Software load balancers can be free and open-source, or a paid enterprise solution. No matter what you’re paying, these are generally more cost-effective as a whole when compared to hardware. They don’t handle nearly as much concurrent traffic as a piece of hardware, sadly.
|Software can be free or it can had quite affordably from commercial sources.||Software load balancers don’t handle nearly as much traffic as a hardware unit.|
|Installation and setup can be fairly flexible for software.||Open-source software is going to require you to be well-versed in its operation and maintenance.|
Virtual Load Balancer
Of all the types of load balancers on this list, virtual solutions are perhaps the most unusual. These load balancers act as a combination of software and hardware. The basic concept is that you’re running a virtual load balancer in conjunction with virtual machines on a server. This is a fairly typical deployment for many servers since you’ve got plenty of cores to handle the processing.
Virtual load balancers are among the most challenging to properly implement and administer. They also have many of the same drawbacks seen with both software and hardware load balancers. As such, you’ll have to analyze whether using one of these is truly necessary for your use case.
|They combine the functionality of software load balancers with the more robust traffic routing seen in hardware.||Virtual load balancers are highly complex installations.|
|Virtual load balancers allow you to run multiple servers as VMs and route the traffic accordingly.||They have a lack of visual feedback, and automation capability, and cannot scale.|
Picking the Right Load Balancer: Step by Step
The overall use case of your network is going to determine which to pick out of any of the types of load balancers. You don’t want to spend time messing around with a Layer 7 load balancer when you’re just routing traffic to central servers in a local business complex.
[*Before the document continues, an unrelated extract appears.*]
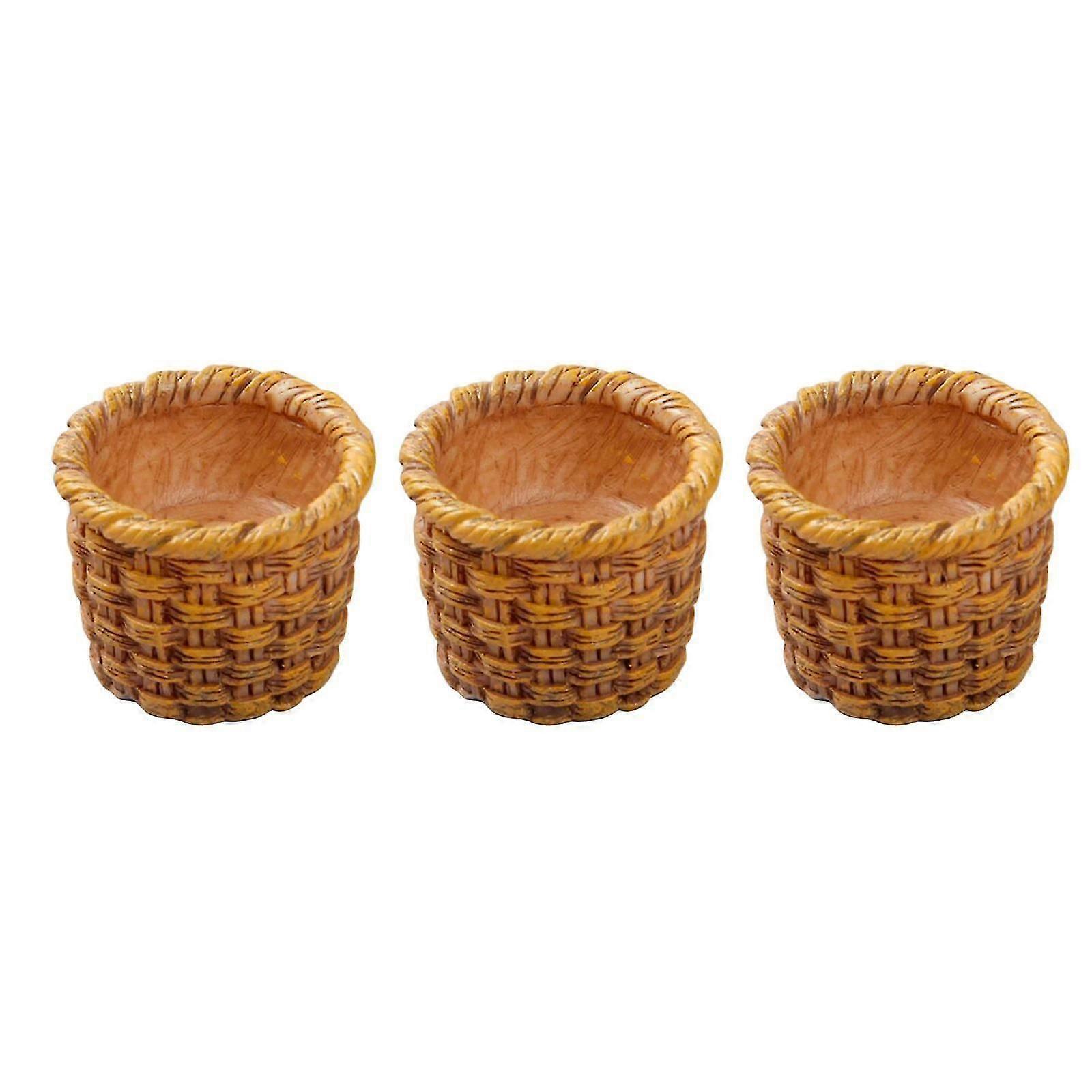 3pcs Rattan Basket 1/12 Accs Mini Diy For Toy Kitchen

Local and wider area networks are going to have different overall needs when it comes to a load balancer. Before deciding to implement a load balancer, take a look at the needs of your network. Choosing something that doesn’t fit the needs of your network is going to be a waste of time and money when it comes down to it.
Ease of Installation
There is no such thing as an easy load balancer to install. However, the type you install is going to have a fairly large impact on the ease of installation. Hardware and virtual load balancers are vastly different beasts when compared to a pure software implementation.
Any networking department looking to use a load balancer will need to take the time to see if their network admins are up to the task. Going for a custom and complicated bespoke solution simply isn’t tenable if your network engineers lack the skill and knowledge to install one.
What to Know About Picking a Load Balancer
Load balancers are complex network appliances. Installing one is more out of necessity rather than need. If you’re running a smaller business campus with under 100 users, there likely isn’t going to be a huge need for a local implementation.
What load balancers provide is the ability to scale. You can handle far more traffic even with a Layer 4 and Layer 7 load balancer in software than you would hoping that traffic routes to the same location. Do be aware that load balancers themselves aren’t designed with security in mind, so you’ll need to consider your overall posture in addition to network needs.
Using the Different Types of Load Balancers: What It’s Like
When properly implemented, load balancers allow networks to be responsive and perform to the best of their ability. Think of using a site like Facebook or Netflix. It would be highly unusual for one of those sites to be sluggish and unresponsive under use, right? Both Meta and Netflix are likely using load balancers to distribute the millions of daily users they receive.